Liu Bingge/ Landscapes
- Tamar Khelashvili
- Aug 14
- 2 min read
Liu Bingge is a London-based artist working across sculpture and painting. Rooted in her early training in traditional Chinese painting, her practice explores the intersections of cultural memory, industrial materiality, and gendered labor. She is currently completing her MA in Sculpture at the Royal College of Art, graduating in September 2025.
During her undergraduate studies, Bingge began investigating the visual resonance between the mineral blue-greens of shanshui (landscape painting) and the nylon mesh used in construction scaffolding across urban China. This formal and conceptual convergence catalyzed her ongoing exploration of the aesthetic and symbolic affinities between traditional visual culture and the materials of modernization.

Raised amid the rapid urbanization of Chinese cities, Bingge witnessed both the emergence of new architectural forms and the marginalization of female laborers within industrial and construction settings. These formative experiences continue to inform her sculptural language, which foregrounds the often-overlooked presence of women in built environments.
Her works incorporate rust-stained workwear, metal wire lines, and green construction mesh sewn into bamboo-like forms. These materials hang, drape, and intersect, suggesting the erased presence of female labor and the ghostly memory of bodies within architectural and infrastructural spaces. Recent works experiment with how natural forces—wind, light, air—can animate these structures, opening her practice toward outdoor and site-responsive possibilities.

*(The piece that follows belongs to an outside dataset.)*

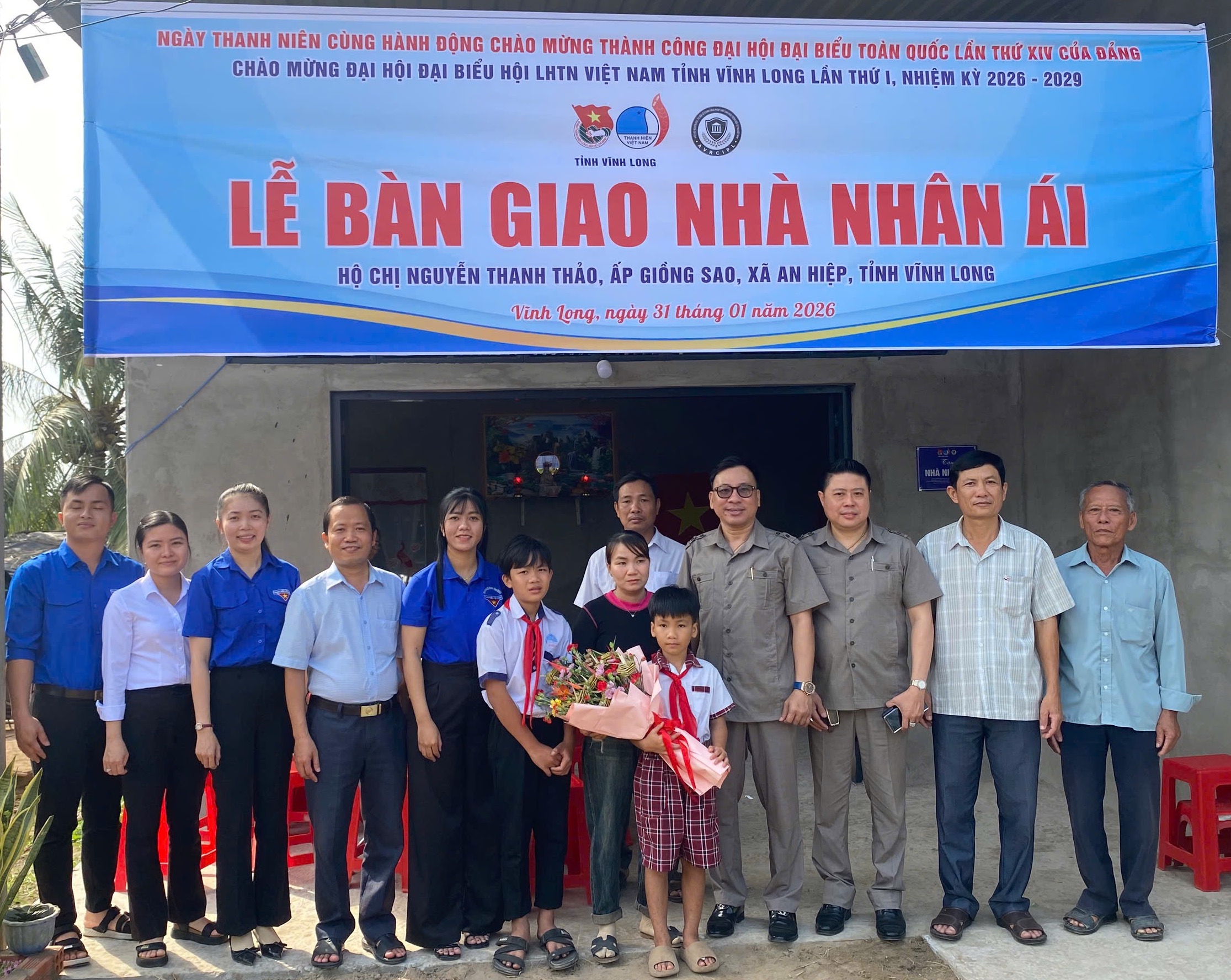 (TVPLO) – Sáng ngày 31/01/2026, Ban Thường vụ Tỉnh đoàn, Ban Thư ký Ủy ban Hội LHTN Việt Nam tỉnh Vĩnh Long đã phối hợp Hiệp hội Làng nghề Việt Nam (VICRAFTS); Viện Nghiên cứu Thị trường – Truyền thông Quốc tế (IMRIC) và Viện Nghiên cứu Chính sách pháp luật&Kinh tế hội nhập (IRLIE) tổ chức Lễ bàn giao công trình Nhà nhân ái cho hộ gia đình chị Nguyễn Thanh Thảo – gia đình có hoàn cảnh khó khăn về nhà ở tại ấp Giồng Sao, xã An Hiệp, tỉnh Vĩnh Long. Công trình chào mừng thành công Đại hội Đại biểu toàn quốc lần thứ XIV của Đảng và chào mừng Đại hội Đại biểu Hội LHTN Việt Nam tỉnh Vĩnh Long lần thứ I, nhiệm kỳ 2026 – 2029.

Alongside her sculptural work, Bingge has recently returned to landscape painting as a parallel inquiry. In these new works, she draws from memory and lived experience to reimagine mountainous and urban terrains, tracing how bodies, time, and space blur within environments of transition and dislocation. Painting has become a space for her to reflect on slowness, resistance, and personal continuity, offering a counterpoint to the physical labor and material tension of her sculptural installations.